ABOUT THIS TASK ->
Give back exactly the lines of the material below, starting with the line with "Koyu kahverengi, tül" and going on through the line with "Bogdan de Barbaro".

RECORDED INFORMATION ->
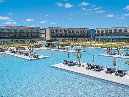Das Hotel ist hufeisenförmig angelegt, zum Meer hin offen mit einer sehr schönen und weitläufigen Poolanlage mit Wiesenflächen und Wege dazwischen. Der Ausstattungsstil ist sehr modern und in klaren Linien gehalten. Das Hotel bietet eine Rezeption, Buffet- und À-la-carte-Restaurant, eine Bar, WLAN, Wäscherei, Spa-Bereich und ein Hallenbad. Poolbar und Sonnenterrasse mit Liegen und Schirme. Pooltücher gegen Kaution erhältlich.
---
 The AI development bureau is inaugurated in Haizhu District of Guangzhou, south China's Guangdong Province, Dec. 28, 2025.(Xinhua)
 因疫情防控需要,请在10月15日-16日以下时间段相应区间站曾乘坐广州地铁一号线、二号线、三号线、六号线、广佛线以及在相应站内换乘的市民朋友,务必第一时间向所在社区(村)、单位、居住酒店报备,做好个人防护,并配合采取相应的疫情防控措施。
==
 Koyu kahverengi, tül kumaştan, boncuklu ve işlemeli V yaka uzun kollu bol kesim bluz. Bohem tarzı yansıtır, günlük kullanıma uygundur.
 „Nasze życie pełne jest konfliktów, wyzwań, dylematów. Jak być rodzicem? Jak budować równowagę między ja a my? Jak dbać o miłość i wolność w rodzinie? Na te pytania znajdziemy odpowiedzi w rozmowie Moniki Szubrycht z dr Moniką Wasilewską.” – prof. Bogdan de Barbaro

RESPONSE BOX ->
 Koyu kahverengi, tül kumaştan, boncuklu ve işlemeli V yaka uzun kollu bol kesim bluz. Bohem tarzı yansıtır, günlük kullanıma uygundur.
 „Nasze życie pełne jest konfliktów, wyzwań, dylematów. Jak być rodzicem? Jak budować równowagę między ja a my? Jak dbać o miłość i wolność w rodzinie? Na te pytania znajdziemy odpowiedzi w rozmowie Moniki Szubrycht z dr Moniką Wasilewską.” – prof. Bogdan de Barbaro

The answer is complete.